After considering whether he'd find a player like himself annoying, Dellavedova allowed, "Yeah, I think I would."
That Dellavedova was even relevant enough to field such questions had everything to do with Irving's bad luck. He was playing one of his best games of the postseason last Thursday in Oakland, dueling Curry and providing LeBron James with a badly needed scoring partner, when misfortune struck. Irving drove, landed hard on his left leg and simultaneously collided with the Warriors' Klay Thompson, fracturing Irving's left kneecap.
"It's a tough situation to be in, especially in the Finals at the biggest stage," Irving said Wednesday, addressing the media for the first time since undergoing surgery.
Without Irving on the court, the Cavaliers offense sputtered last Thursday, allowing the Warriors to pull away in overtime for the Game 1 victory. With Irving declared out for the series—and with Cleveland having already lost star forward Kevin Love to a shoulder injuryoddsmakers and commentators quickly buried the Cavaliers. There was talk of a sweep.
A week later, it's the Cavaliers who are in command of the series thanks in large part to Irving's scruffy understudy, the one who has inspired countless Teen Wolf memes on Twitter.
"I'm definitely not surprised as much as everyone else is," Irving said of Dellavedova, recalling his first time competing against him in a summer workout three years ago. "First time I went to Vegas, first time I played against him, he commanded my respect. Whether that be in a pickup game or us playing a scrimmage in practice, it was going to be hard-fought, and I knew exactly what I was getting myself into. So once you step into thatI want to call it a ring with Dellyyou better be ready to rumble."
Most people, Cavaliers officials included, could not have seen any of this coming. The 6'4", 200-pound Dellavedova was a lowly regarded prospect after a four-year career at Saint Mary's College in the California Bay Area.

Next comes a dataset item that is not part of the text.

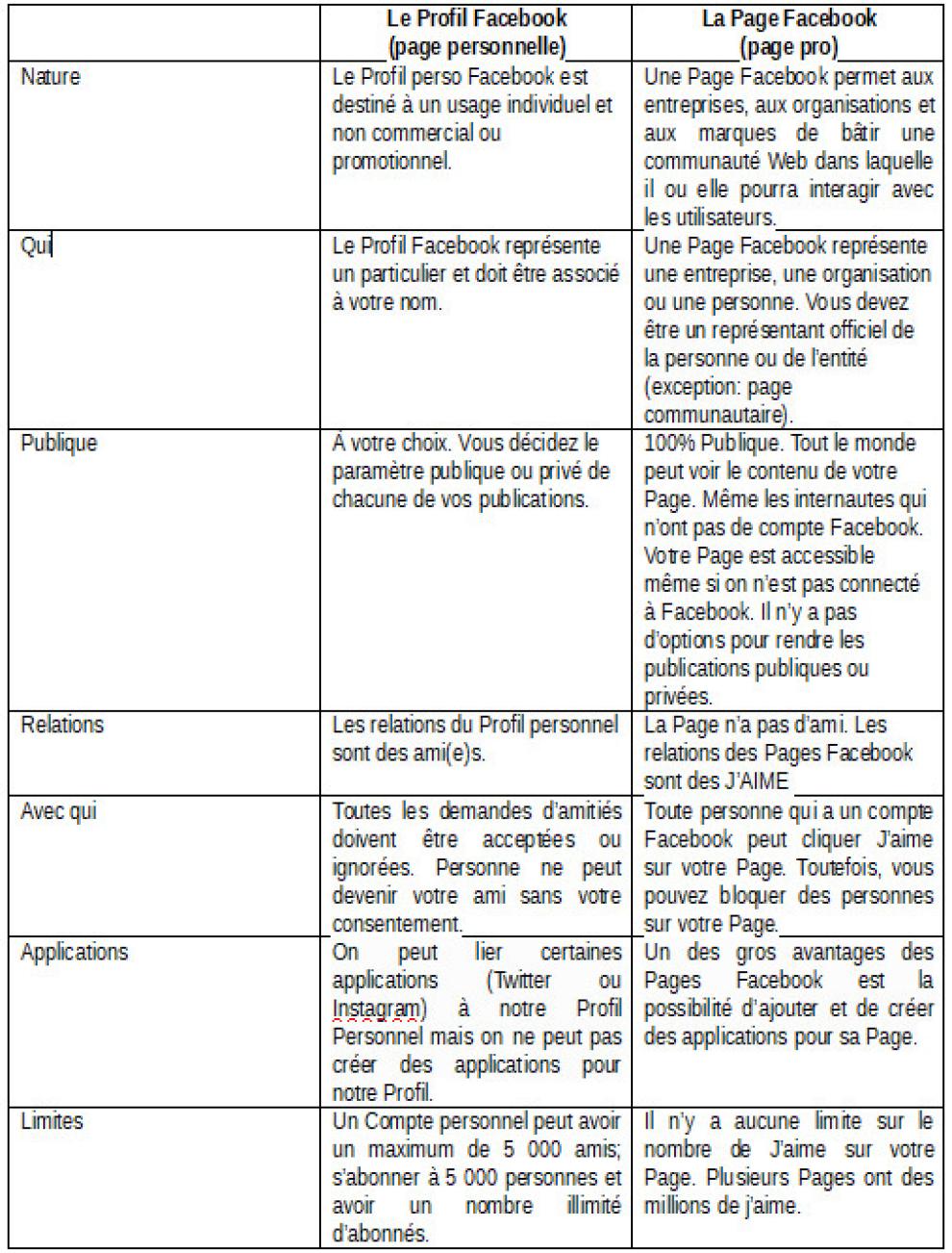 La page Facebook est donc à différencier du profil Facebook. Ce qui est permis par l’une n’est pas autorisé par l’autre. Un tableau synthétique permet d’identifier les différences importantes entre le Profil et la Page Facebook.

He signed a partially guaranteed, minimum contract with the Cavaliers in September 2013 to compete for the role of third-string point guard behind Irving and Jarrett Jack.
The Cavaliers traded Jack to Brooklyn last summer in a rush to clear salary-cap room to sign James. That was the first among many events that opened the door for Dellavedova's unlikely rise.

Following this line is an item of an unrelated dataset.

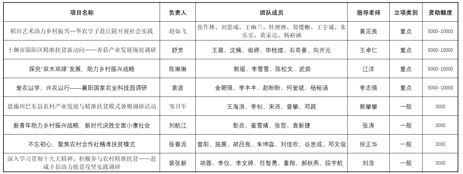 为响应研究生院加强在读研究生社会实践的要求,结合我院试点改革落实“全员全过程全方位”的三全育人理念,强化实践育人,有效增强研究生创新实践能力,根据申报书的内容质量和可行性分析,经过审核和评议,最终确定8支队伍资助立项本年度暑期社会实践项目,名单如下:
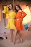 Молодежный костюм состоит из топа с открытыми плечами и с длинными рукавами, и мини юбки.

Given the chance, Griffin would add another point guard today if the rules permitted. The Cavaliers need all the bodies and ball-handlers they can get. But they're happy enough with the way things have evolved.
"Right now, we're benefiting from the fact that Delly just refuses to feel limitation," Griffin enthused. "He refuses to believe that there's something he cannot do."
Griffin, who came up in the Phoenix Suns organization, recalled a favorite motto of Suns legend Dick Van Arsdale, who was fond of saying, "Them's that can, do."
"Delly can exceed expectations because that's all he's ever done," Griffin said. "It's all he knows how to do. It's not like you take a kid who grew up being one thing and had to figure out how to be tough. This kid's only here because he has this. So it's what he does."
How big is Dellavedova now? On Wednesday, an Australian reporter asked James—known as "The King"—if he would endorse the knighting of his teammate as Sir Dellavedova.
James chuckled but quickly embraced the idea. "Whatever that guy wants or needs, I'm all for."